On the brushless motors, Martin said the Army is “on the verge of being able to produce those at scale, which is another source of supply to meet the national requirement.”
Martin noted that industry’s built-in scale for production drones could assist in the SkyFoundry initiative, while he did not comment specifically on how commercial partners will now be factored into the new approach or how the program’s objectives have potentially be restructured.
“There are companies out there, whether it’s a small [business], whether it’s a large [business], that are innovating in a space and at a pace that we can’t necessarily do. But when they innovate, and they try to do that at scale, now they’ve got to have a way to produce it. We have production capacity, so thus we have a natural partnership that I think is advantageous to everybody,” Martin said.

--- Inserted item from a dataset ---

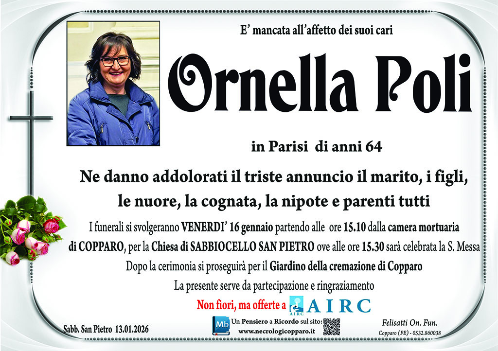 I familiari ringraziano anticipatamente tutti coloro che parteciperanno alla cerimonia funebre

Martin also said a new Commercial Solutions Opening to bolster organic industrial base (OIB) modernization efforts, which resulted in a recent award to Hadrian Automation to establish an advanced manufacturing facility at Red River Depot, is “somewhat tied” into SkyFoundry (Defense Daily, March 18).
The Army earlier this month also announced the new Strategic Capital Initiative to bring in private capital to fund efforts ranging from technology modernization to bolstering OIB efforts, adding with the service looking to use the initiative to make progress on its $150 billion backlog of infrastructure projects (Defense Daily, March 5).
“If you’re going to make that [product], make it here, invest here, keep this thing viable and use your capital wisely here. And as we meet the requirements and the demands we need, then you still have that extra capacity. And it’s a win for both ends,” Martin said.